以下に、ポプラに臥す5巻の表紙写真(砂漠の映像付き)を添付します。
ひとたびはポプラに臥す 5_b0312424_1653453.jpg

前回のポプラに臥す4の感想文は、→ここをクリック!
宮本輝(みやもとてる)は、中国から国境線を渡り、パキスタンに入ります。
この道は、鳩摩羅什(くまらじゅう)が、ガンダーラに留学するために通過した道です。
道は、平坦で安穏とした道ではありません。
パミール高原と6000メートル級のカラコラム山脈の隙間を抜ける険難の道です。
羅什が、この道を平然と渡ったはずはありません。

○越境.


一行(いっこう)は、ついに中国の最南端に到着し、国境を越りました。
恐ろしい山脈の谷間を抜け、標高5000mの高地を越えて、パキスタンに‥
中国には仏教の痕跡は皆無でした。
では、パキスタンにあるのでしょうか?
あくまで今の姿しかなく、仏教の湖は枯れ果てているのではないでしょうか。
そのイスラムの国に、ガンダーラと呼ばれた国がありました。
しかし、今はガンダーラという地名はありません。
1巻から2巻、3巻と読み進めるうちに、仏教の輝かしい何かが発見されるに違いないと期待していた読者も、読み進めるうちに、そのことを期待しなくなることでしょう。
私は、その気持ちはなくなりました。
けれど虚無の中に見えてくるものがおぼろげながらあるのです。

○長い旅路.


遥かインドからシルクロードを渡った仏教‥
5000メートル級の山脈を乗り越え、灼熱の砂漠を踏破し、ありとあらゆる民族の国々を通過して、漢民族の国に仏典を渡した鳩摩羅什。
その道は、地獄もあり、餓鬼もあり、愚かの畜生あり、修羅、人、天もあり、あらゆる人々の境涯の海を渡った一艘の舟のように感じます。
生きる者、死ぬ者、生まれし者、老いる者、あらゆる人間と触れ合いながら、羅什は仏典の翻訳を果たしました。
その長い、長い旅路を表現するために、あえてシルクロードとは関係のない話を宮本輝はしているのだと思います。
ファーブルの昆虫記、様々な小説、詩、さらに政治や経済、著者の思い出‥
読者は、宮本輝の無数の話を聞きながら、壮大な旅を続けます。
その中に、ひときわ輝きに充ちた話がありました。「牛女」という童話です。
私の魂の栄養となった話です。ぜひ、見てください。(^^)
その牛女の話は、→ここをクリック!

○所感.

中国の西の果ては、ウイグル人ではなく、またパキスタン人でもない人たちが住んでいました。宮本輝は次のように語っています。
「小さな地球上で、あの人は、かくかくしかじかという民族、あの人は、このような民族と色分けすることが馬鹿らしく思えてくる。

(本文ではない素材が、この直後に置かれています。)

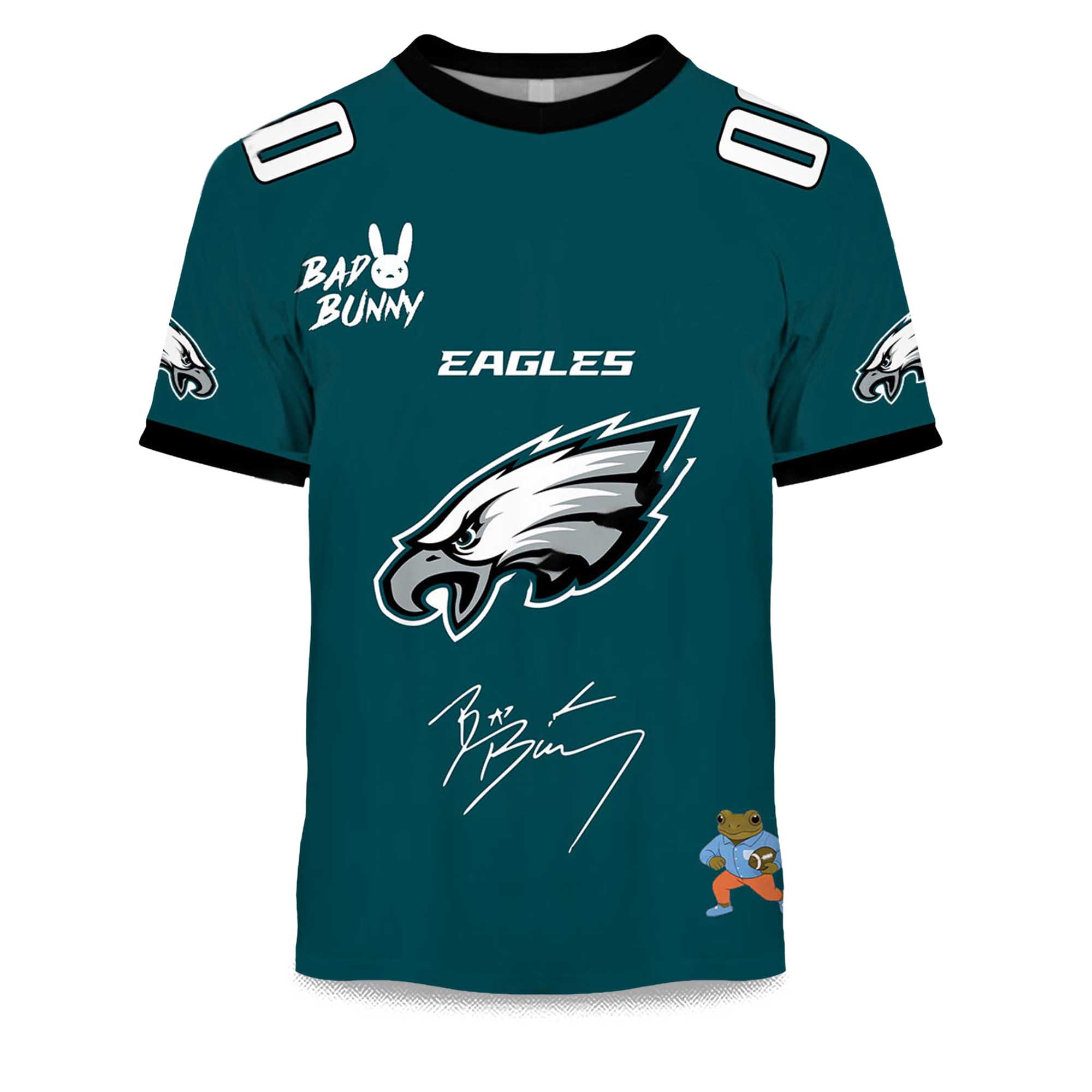 The design combines bold shoulder numbers, bold Eagles branding, and a playful Bad Bunny logo. The front layout creates a balanced feel, while a small character detail near the hem adds a touch of charm. Lightweight fabric, sturdy stitching, and customization options allow every fan to create a unique look.

どんな民族の血が入っていようが、所詮人間であって、ゆっくりと胸襟を開いて、膝を交えて話し合えば、いつかは分かり合えるし、まだそうすべきなのだ」
「ポプラに臥す」には、数多くの写真が掲載されていますが、この5巻の中国国境を越えるときの写真は、魅力のあるものが多く見られました。
途方もなく大きな山と、広大な草地、逞しく生きるパミール高原の遊牧民たち‥
その雄大さは、日本では見ることのできない風景です。
さて、いよいよ次は、最終巻となります。1700年前に鳩摩羅什が学んだガンダーラで、宮本輝は何を見て、何を語るのでしょうか。
次の記事は、→ここをクリック!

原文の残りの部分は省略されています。